**Task item**
A faithful repeat of all the records, with no image kept, is the required answer.

**Exercise inputs**
....

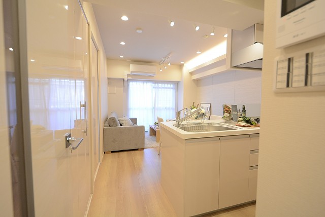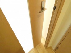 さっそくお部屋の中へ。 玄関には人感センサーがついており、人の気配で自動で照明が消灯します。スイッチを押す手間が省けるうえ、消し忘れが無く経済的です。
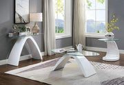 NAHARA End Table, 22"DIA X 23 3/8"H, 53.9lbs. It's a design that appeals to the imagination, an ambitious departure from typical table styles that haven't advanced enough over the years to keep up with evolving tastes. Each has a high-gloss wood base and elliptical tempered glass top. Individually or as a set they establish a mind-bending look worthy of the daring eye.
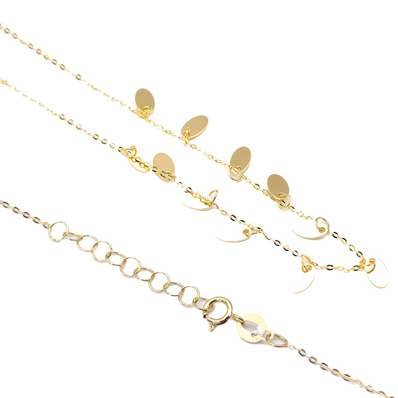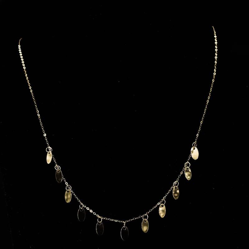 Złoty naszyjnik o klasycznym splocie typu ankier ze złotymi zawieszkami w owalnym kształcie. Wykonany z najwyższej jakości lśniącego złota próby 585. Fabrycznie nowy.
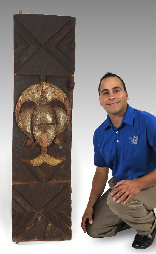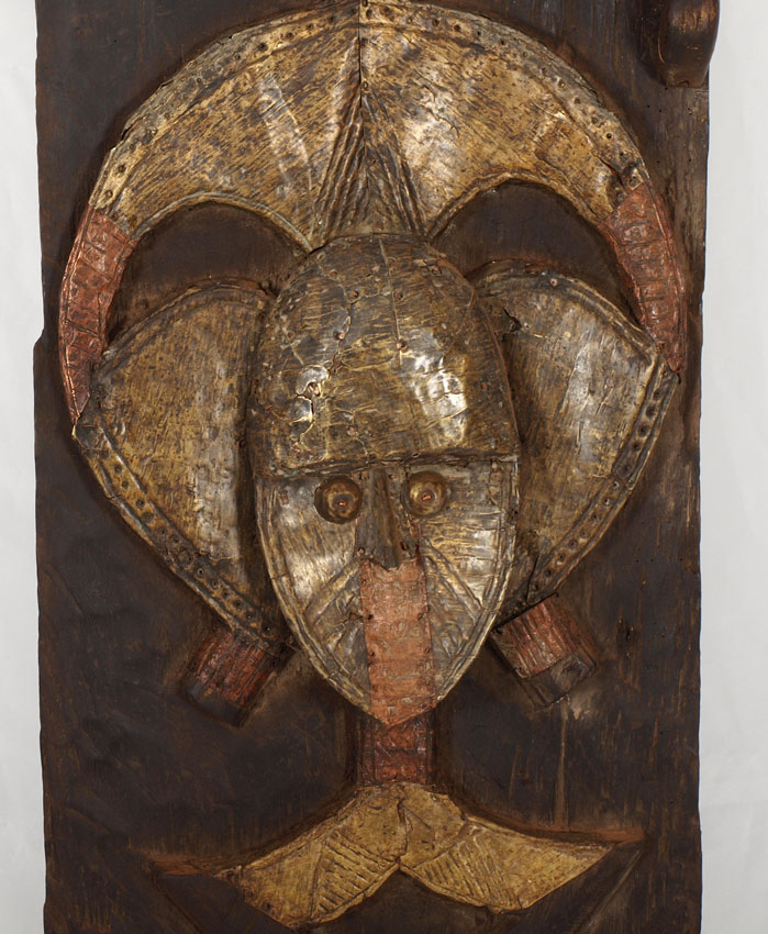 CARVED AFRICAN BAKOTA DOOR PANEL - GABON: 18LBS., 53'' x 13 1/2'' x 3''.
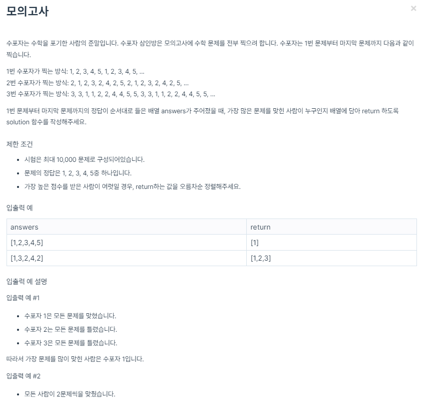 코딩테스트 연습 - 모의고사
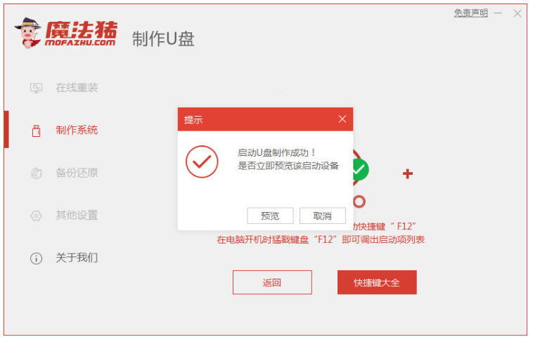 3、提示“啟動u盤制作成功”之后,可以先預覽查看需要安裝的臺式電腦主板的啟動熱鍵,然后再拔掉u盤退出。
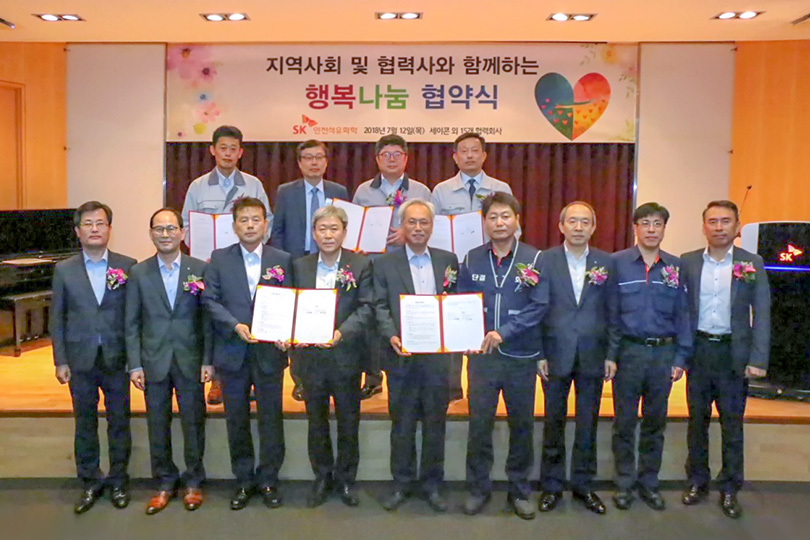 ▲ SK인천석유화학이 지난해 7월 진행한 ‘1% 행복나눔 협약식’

....

**Task response**
 さっそくお部屋の中へ。 玄関には人感センサーがついており、人の気配で自動で照明が消灯します。スイッチを押す手間が省けるうえ、消し忘れが無く経済的です。
 NAHARA End Table, 22"DIA X 23 3/8"H, 53.9lbs. It's a design that appeals to the imagination, an ambitious departure from typical table styles that haven't advanced enough over the years to keep up with evolving tastes. Each has a high-gloss wood base and elliptical tempered glass top. Individually or as a set they establish a mind-bending look worthy of the daring eye.
 Złoty naszyjnik o klasycznym splocie typu ankier ze złotymi zawieszkami w owalnym kształcie. Wykonany z najwyższej jakości lśniącego złota próby 585. Fabrycznie nowy.
 CARVED AFRICAN BAKOTA DOOR PANEL - GABON: 18LBS., 53'' x 13 1/2'' x 3''.
 코딩테스트 연습 - 모의고사
 3、提示“啟動u盤制作成功”之后,可以先預覽查看需要安裝的臺式電腦主板的啟動熱鍵,然后再拔掉u盤退出。
 ▲ SK인천석유화학이 지난해 7월 진행한 ‘1% 행복나눔 협약식’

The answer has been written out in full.